7

[1] [2] [3]

Кажется, все говорили искренне, хотя иногда содержание речей и не совпадало с душевным состоянием того или иного писателя. Ю. К. Олеша рассказал, как он воскрес, освободившись от недавних сомнений: «Ко мне вдруг неизвестно почему вернулась молодость. Я вижу молодую кожу рук, на мне майка, я стал молод - мне шестнадцать лет. Ничего не надо. Все сомнения, все страдания прошли. Я стал молод. Вся жизнь впереди». Может быть, в тот же самый день, может быть, назавтра или через неделю я с ним обедал, и он печально говорил: «Я больше не могу писать. Если я напишу: «Была плохая погода»,- мне скажут, что погода была хорошей для хлопка»… Олеша был очень талантлив, книга «Зависть», написанная в 1927 году, выдержала испытание временем. Да и отрывистые записи последних лет показывают большую писательскую силу. Но молодость к нему не вернулась; это было иллюзией, сном на празднике…

А. М. Горький внимательно слушал речи. Ему хотелось, чтобы съезд принял деловые решения. Алексей Максимович предлагал многое: «Историю фабрик и заводов», книгу «День мира», историю гражданской войны, историю различных городов, литературные школы, коллективную работу, журнал, посвященный профессиональному обучению начинающих авторов. Некоторые из его проектов потом были осуществлены. Но съезд не был, да и не мог быть деловым: он превратился в крупную политическую демонстрацию. Из Германии доходил дым костров, на которых фашисты жгли книги. Все помнили недавние события: фашистский путч в Париже, разгром шуцбунда. Присутствие революционных зарубежных писателей расширяло стены Колонного зала; мы смутно ощущали приближение войны.

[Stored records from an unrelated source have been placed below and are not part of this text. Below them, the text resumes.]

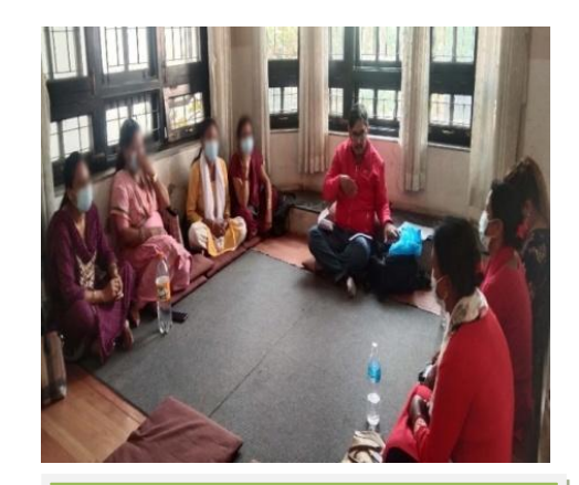
SWC Evaluation Team meeting with SETU Beneficiaries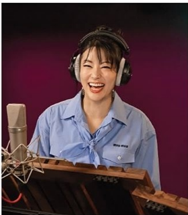
Arden Cho said that voicing the lead character in "KPop Demon Hunters" was one of her favorite jobs.

A: I was born in Texas and I am American ... but I'm a child of immigrants. So I sort of experience the world from both sides. The older I get, I'm always questioning (my identity), too. What does it mean to be Korean American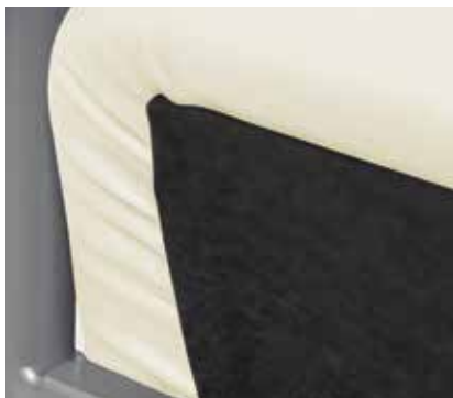
Concealed upholstery staples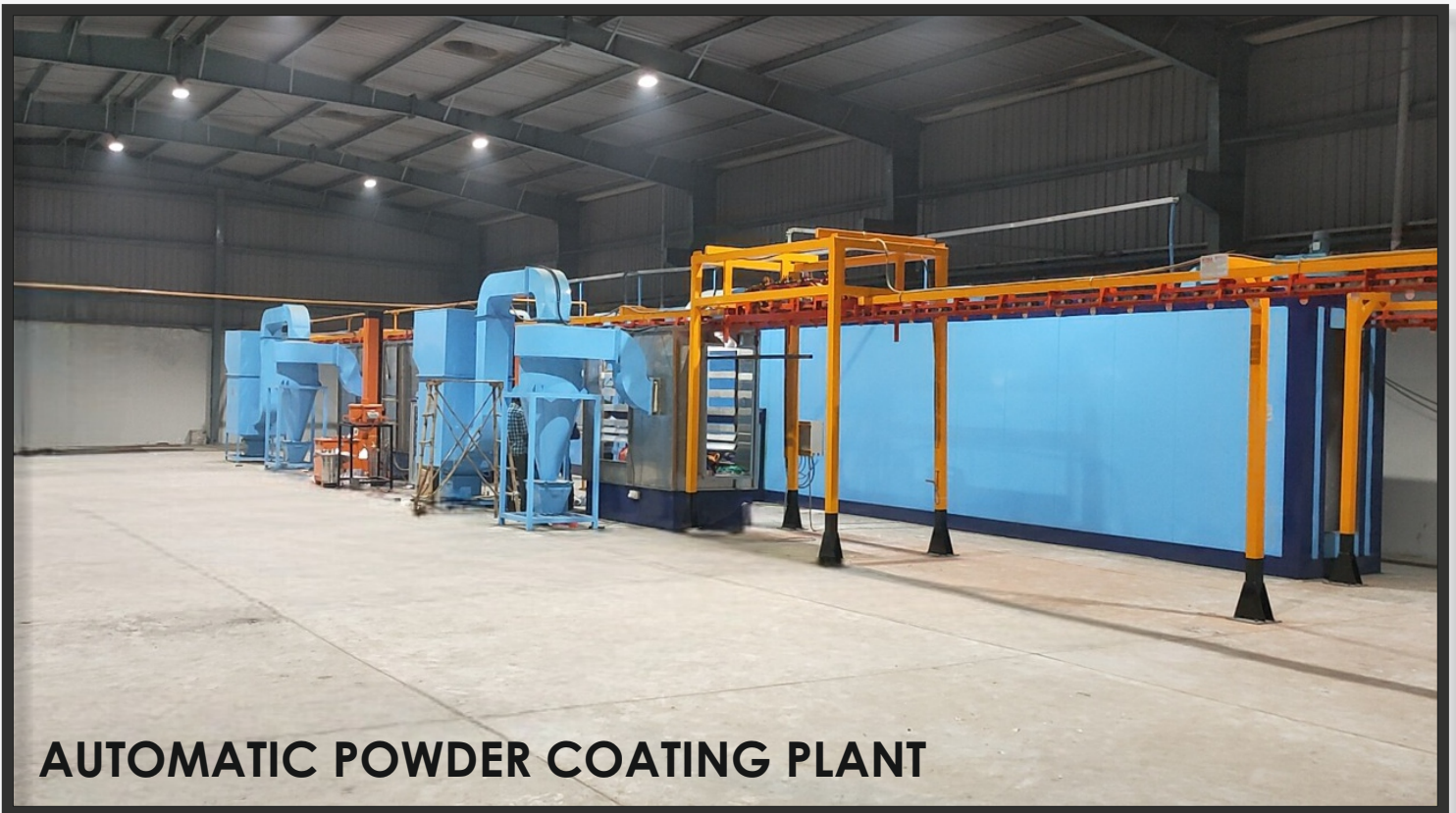
AUTOMATIC POWDER COATING PLANT

Industrial Conveyerised Powder Coating Plant is a highly efficient and automated system used for applying powder coatings onto various objects or components in industrial settings. The enclosed insulated chamber is provided with air circulating blowers & heating system. The air is circulated in the chamber to increase & distribute even temperature in all over area. Solvent evaporation exhaust system is provided to maintain solvent LEL level.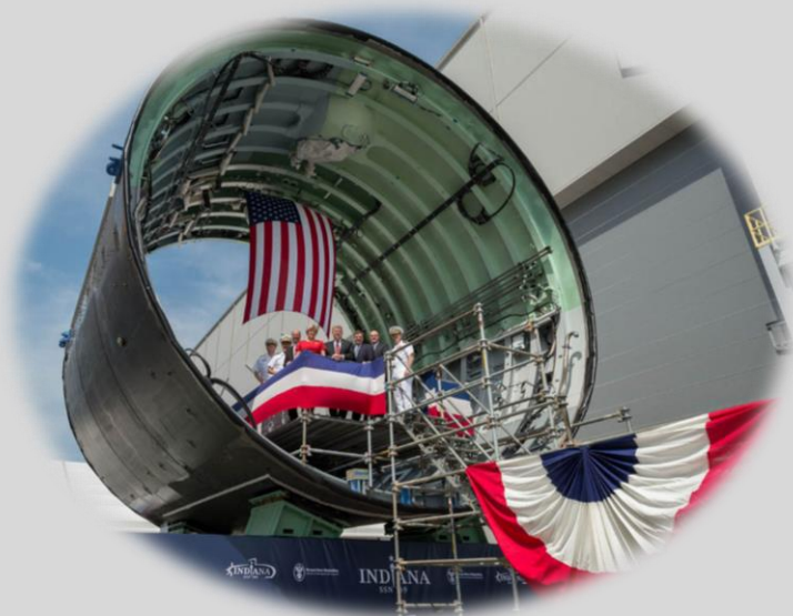
USS INDIANA (SSN 789) Keel Laying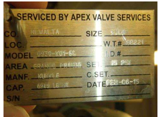
PSV Service Tag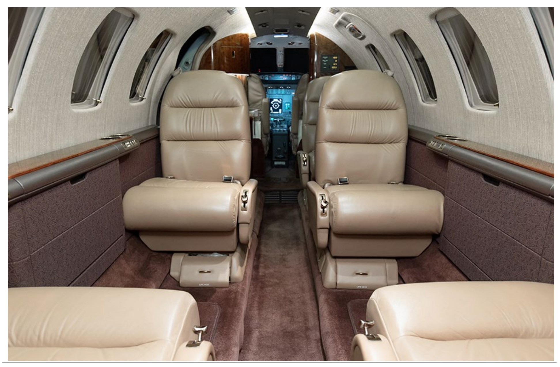
SPECIFICATIONS ARE PROVIDED FOR INFORMATIONAL PURPOSES ONLY AND DO NOT CONSTITUTE REPRESENTATIONS OR WARRANTIES. THESE SPECIFICATIONS ARE SUBJECT TO BUYER'S INDEPENDENT VERIFICATION UPON INSPECTION. THE AIRCRAFT IS SUBJECT TO PRIOR SALE, LEASE AND/OR REMOVAL FROM THE MARKET WITHOUT PRIOR NOTICE. MAY 16, 2025 1:44 PM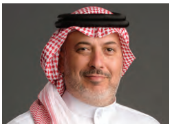
Shaikh Khalifa bin Ebrahim Al-Khalifa

As part of Bahrain Bourse's (BHB) efforts to develop the Capital Market in the Kingdom of Bahrain and enhance market liquidity, and following the approval of the Central Bank of Bahrain (CBB), Bahrain Bourse announces the launch of 'Technical (Uncovered) Short Selling Guidelines' to market participants through authorized brokerage firms, which aims

Горький пригласил на свою дачу иностранных гостей и некоторых советских писателей. Помню страшный рассказ китайской писательницы, она сказала, что молодой писатель Ли Вэйсэн был живым закопан в землю. Японский гость рассказал на съезде, как полиция истязала и убила писателя Кобаяси. Мы восторженно встретили Бределя - он просидел больше года в фашистском концлагере. Он говорил о судьбе Людвига Ренна, Осецкого. Можно ли было спокойно это слушать? Для того чтобы воссоздать настроение тех дней, скажу, что такой далекий от политики человек, как Пастернак, в своей речи, вспомнив приветствие представителя Красной Армии, говорившего о защите родины, сказал: «Вы открывали переливы вашего собственного голоса в словах курсанта Ильичева».

Я говорил, что историю нельзя переписать заново. В одной из резолюций съезд приветствовал присутствовавших: Андерсена-Нсксе, Мальро, Жана Ришара Блока, Якуба Кадри, Бредсля, Пливье, Ху Ланьчи, Арагона, Бехера, Амабель Эллис - и слал приветы отсутствовавшим: Ромену Роллану, Жиду, Барбюсу, Бернарду Шоу, Драйзеру, Энтону Синклеру, Генриху Манну, Лу Синю (сохраняю порядок резолюции). Некоторые из перечисленных писателей при разных обстоятельствах, в разное время, да и по-разному отошли от идей, которые разделяли в 1934 году; но я сейчас говорю не об их дальнейшей судьбе, а о съезде.

Андерсен-Нексе просил советских писателей быть шире: «Вы должны дать массам идеалы не только для борьбы и для труда, но и для часов тишины, когда человек остается наедине с самим собой… Художник должен давать приют всем, даже прокаженным, он должен обладать материнским сердцем, чтобы выступить в защиту слабых и неудачливых, в защиту всех, кто, все равно по каким причинам, не может поспеть за нами».

В докладе Радек упомянул о некоторых колебаниях Жана Ришара Блока. В своей речи Блок говорил о необходимости широкого антифашистского фронта: «Товарищ Радек, если вы будете упорствовать в осуждении, если вы будете проявлять недоверие, то я лично должен вас предупредить, что это только толкнет широкие массы Запада в сторону фашизма». Арагон, молодой и вдохновенный, откинув голову назад, говорил о наследстве «Рембо и Золя, Сезанна и Курбе».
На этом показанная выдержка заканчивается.